Jherry Encinas, actividades comerciales. Midleton (Irlanda)

¡Hola! mi nombre es Jherry, estudiante de Act. Comerciales y a fines de diciembre fui comunicado de la maravillosa noticia de que fui uno de los candidatos elegidos para una beca Erasmus+ y poder así realizar mis practicas laborales en el extranjero y también poder conocer un país diferente.

De la lista de destinos elegí Irlanda, sin dudarlo, ya que al estar estudiando ingles me ayudaría tanto a mejorarlo como ponerme a prueba en ello porque hasta ese momento no había tenido la posibilidad de visitar algún país en el que se hablara principalmente en inglés.

Y así fue como el 17 de marzo partí rumbo a Irlanda, si bien no es la primera vez que viajo solo y a otro país aun así me sentía nervioso y expectante de lo que iba a encontrarme ahí. Al momento de llegar al Aeropuerto de Cork ya noté los grandes cambios, tanto por el clima y sobre todo geográficamente ya que hay mucha naturaleza alrededor ya sea por los inmensos campos verdes que podés encontrarte o por los bosques y montañas.

Mi primera semana la pase en un pueblo llamado Bandon, no era muy grande pero aun así era agradable y tranquilo. Vivía en una casa de familia, compartida con otros estudiantes de Erasmus tanto de España y de Italia. Con respecto al Ingles a pesar de tener un buen nivel de inglés los primeros días me costo sobre todo al momento de entenderlo ya que por lo visto en el sur de Irlanda el acento es diferente y si tuviera que poner un equivalente diría que es algo similar al español que se habla en la región de Andalucía, pero una vez que pasa el tiempo te acostumbras e incluso agarras más confianza.

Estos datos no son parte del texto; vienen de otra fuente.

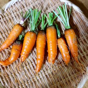 人参、掘り上げました🥕 まずまずのでき具合☺️ 去年の失敗から、早めに肥料をいれて土作りしました。 ◯◯星人は、あまり居なかったけど割れたものがたくさん……😢 これは天候相手なので仕方ないか😵 込み合った所はやっぱり小さめ、 間引きも大事ですね🍀

Una semana más tarde deje Bandon para mudarme a Midleton, Cork a una nueva casa de Familia, el traslado resulto algo atareado, pero pude arreglármelas para llegar ahí y así empezar mis prácticas en una empresa llamada CelticBioenergy que se dedicaba al desarrollo y construcción de plantas de tratamiento de residuos para producir biogas.

Mi lugar de trabajo se encuentra en una zona muy tranquila y con campos alrededor así que se hacía muy agradable estar ahí, así como el ambiente de trabajo también y podría decir que era casi como trabajar desde tu propia casa. Mi trabajo consistía en asistir a los ingenieros, realizar algunas tareas administrativas y algunas investigaciones de marketing para que mi jefe use aquellos datos. Si bien los primeros días fueron algo complicados por la cantidad de información técnica a aprender luego gracias a mis compañeros me resulto mas ameno y pude ponerme al ritmo.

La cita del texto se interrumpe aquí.